Максим хмурился, но не спорил. Ему было лет пять, он сидел на коленях у отца и грыз яблоко — не откусывал, а именно грыз, как волчонок, показывая маленькие, но острые клыки.

— А ты кого охранял? — спросил он.

— Дед Матвей сказал: «Твоя сестра будет править миром». А у меня сестры не было. Только брат. Но он сам себя охранял. Плохо охранял — убили в восемьдесят первом.

Максим не знал, что ответить. Он прижался к отцу и замолчал.

Они росли как обычные дети — бегали во дворе, играли в казаки-разбойники, прыгали с гаражей, лазали по стройкам. Ходили в школу — в обычную, районную, номер шестьсот сорок два. Учились средне: Лина была отличницей, потому что учителя верили её честным глазам, Максим — троечником, потому что не выносил, когда ему лгали, и говорил правду в лицо.

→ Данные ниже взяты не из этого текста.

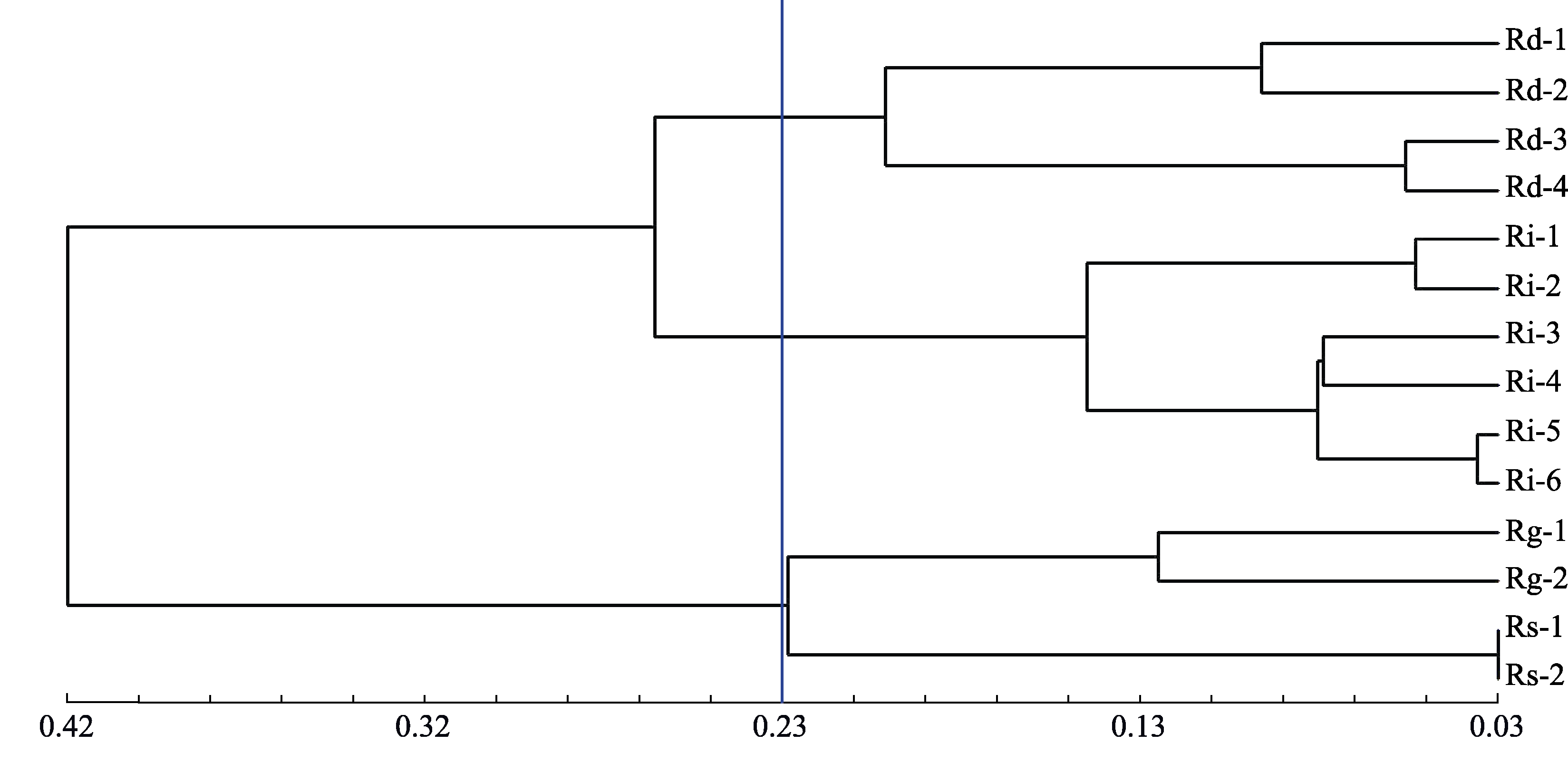 | Fig. 3 Genetic distance of Rorippa indica, R. dubia, and R. globosaand R. sylvestris. Population codes see |

Дрались — и с одноклассниками, и с соседскими ребятами, и с хулиганами из соседних дворов. Максим дрался кулаками — неумело, но яростно. Лина — когтями, которые выпускала незаметно и прятала так быстро, что никто не успевал заметить.

— Ты не можешь всё время бить морды, — говорила ему сестра после очередной драки, промывая разбитую губу перекисью водорода. — Люди запоминают тех, кто дерётся. Они боятся. А кого боятся — того травят.

— А что делать? — хмурился Максим.

— Улыбаться. Смотреть дружелюбно. И ждать, когда можно будет не улыбаться.

Прятать клыки было их главной наукой. На уроках физкультуры, когда все тяжело дышали и кричали, зверь внутри просыпался — хотел вырваться, показать себя, рыкнуть. Лина придумала способ: слегка прикусывать внутреннюю сторону щеки, чтобы боль отвлекала от трансформации. Максим попробовал — и прокусил щеку насквозь. Кровь хлынула, учительница испугалась, отправила в медпункт.

— Ты как ребёнок, — вздыхала Лина.

— Я и есть ребёнок.

— Уже нет.

Максим не умел притворяться. Он просто сжимал кулаки и терпел. Сжимал так, что ногти впивались в ладони. Терпел так, что кровь выступала из-под ногтей. И ни разу, ни разу за все школьные годы не дал зверю вырваться при чужих.

Отец гордился им.

Первая полная трансформация случилась у Максима в двенадцать лет — в июле, в школьном дворе, во время каникул.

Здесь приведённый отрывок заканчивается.